Depending on where you live your HVAC system runs more than anything else you own (including your car). All furnace manufacturers “recommend” “regular maintenance” of your furnace. In fact, all that I am aware of state in their warranty that the warranty may be voided due to lack of “regular maintenance.” The industry has defined “regular maintenance” as yearly (in fact, some manufacturer’s warranties state yearly). Due to safety, liability, and the need for many other things to be checked, cleaned, and/or adjusted (2-page checklist where I work) to ensure safety and efficiency. Due to the large number of furnaces and the differences between them. Moreover, due to the terms of this site, I WILL NOT AND CAN NOT give you specific instructions on how to perform repairs on your furnace. I suggest that you contact a local, reputable, HVAC service company for (a tune up, preventive maintenance, general maintenance, yearly service call, general service, or whatever they call it).
While I may not have told you how to fix your furnace yourself, I have told you how to fix it.
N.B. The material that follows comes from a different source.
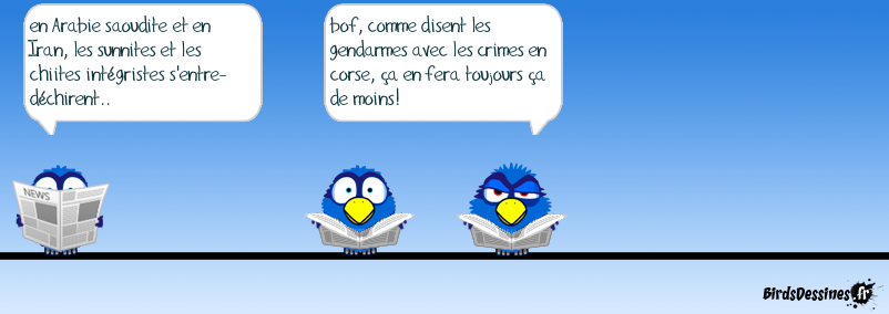 Case 1:Bird 1: en Arabie saoudite et en Iran, les sunnites et les chiites intégristes s'entre-déchirent.. Case 2:Bird 1: bof, comme disent les gendarmes avec les crimes en corse, ça en fera toujours ça de moins! Case 3:

Please rate my answer.
Posted on Mar 14, 2009
Have a gasfitter bypass the clock. The clock is the source of the problem. You will then have a manually operated heater.
Posted on Oct 08, 2009
An indoor blower running when it is not supposed to usually indicates an overheat condition. I would guess that it has been cycling on and off for some time and finally caused the high limit to stick and not auto reset. if you tap it sometimes they reset. the real problem is that it has been overheating from lack of airflow, over sized unit, not enough return air, too many closed registers, dirty filter, dirty squirrel cage blower and or air conditioner a-coil. If you get it started again sit and watch the unit run the flames should come on and stay on for the entire heating cycle, not going on and off.
I wish I could help you more but it is difficult without seeing the problem myself. Good luck! this should get you started!